* _EXERCISE_
Beginning with the line that contains "Suero facial antienvejecimiento", print each line to the end of the data exactly. Omit the pictures.

* _GIVEN DATA_
===============

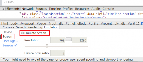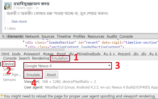 এবার সেখান থেকে "Emulation" এ যান। এবং "Divice" থেকে "google nexus 4" অথবা যে কোন একটা টাচ মডেলের সেট সিলেক্ট করুন।
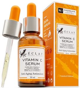 Suero facial antienvejecimiento con ácido hialurónico, retinol, ácido ferúlico, aceite de jojoba, vitamina E y 20% de vitamina C para iluminar la piel.
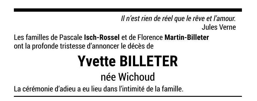 Madame Yvette BILLETER
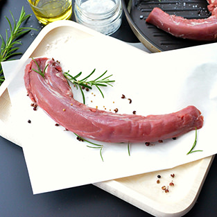 Filetto di maiale Il filetto succulento e gustoso dei nostri maiali di razza Mangalica assicura un piacere incomparabile. La carne tenera e magra è tra le più pregiate del maiale.

===============

* _RESPONSE TO THE TASK_
 Suero facial antienvejecimiento con ácido hialurónico, retinol, ácido ferúlico, aceite de jojoba, vitamina E y 20% de vitamina C para iluminar la piel.
 Madame Yvette BILLETER
 Filetto di maiale Il filetto succulento e gustoso dei nostri maiali di razza Mangalica assicura un piacere incomparabile. La carne tenera e magra è tra le più pregiate del maiale.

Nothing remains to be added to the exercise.